- [DIRECTIONS FOR THIS TASK]
Take the line that contains "4. Cordons de" and every line below it to the end of the entries, and give them again exactly, leaving out any pictures.
━━━ RECORDS ━━━
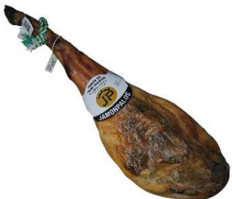
806. JAMÓN CEBO 50% IBÉRICO +30M. Iberian Ham Aging Period of at Least 30 months Peso unidad(Weight unit): 7-10k. Unidades/caja(Units/box): 2u. F.Cons.Pref.(Best before): 12m.
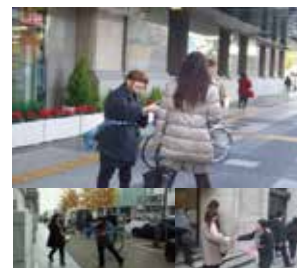
※街頭配布イメージ
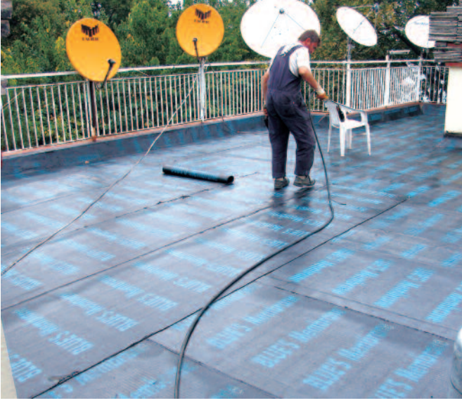
2- İki kat Blue's Membran su yalıtımı yapılması
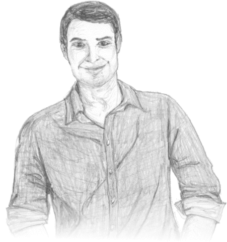
Cizim: Amy Ohler

"Duam şu ki, sevginiz, bilgi ve her tür sezgiyle durmadan artsın. Öyle ki, üstün değerleri ayırt edebilesiniz ve böylece Tanrı'nın yüceltilip övülmesi için İsa Mesih aracılığıyla gelen doğruluk meyvesiyle dolarak Mesih'in gününde saf ve kusursuz olasınız." (Filipililer 1:9-11)
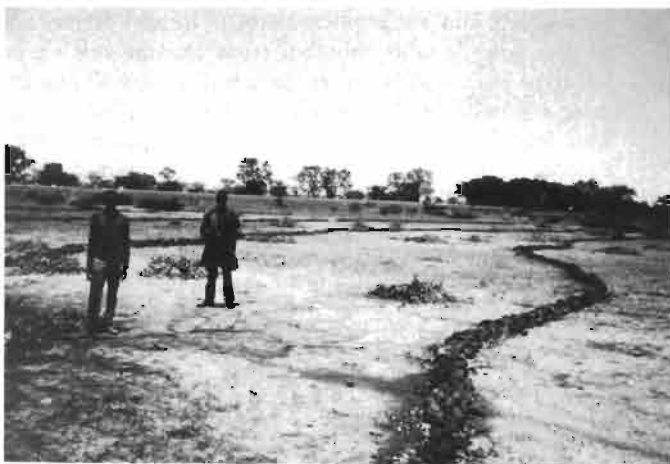
4. Cordons de pierres en pays Mossi. (Burkina Faso).
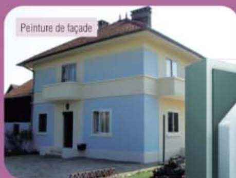
Peinture de façade
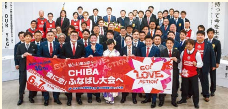
ふなばし大会やり切りました!
━━━
- [RESULT FOR THIS TASK]
4. Cordons de pierres en pays Mossi. (Burkina Faso).
Peinture de façade
ふなばし大会やり切りました!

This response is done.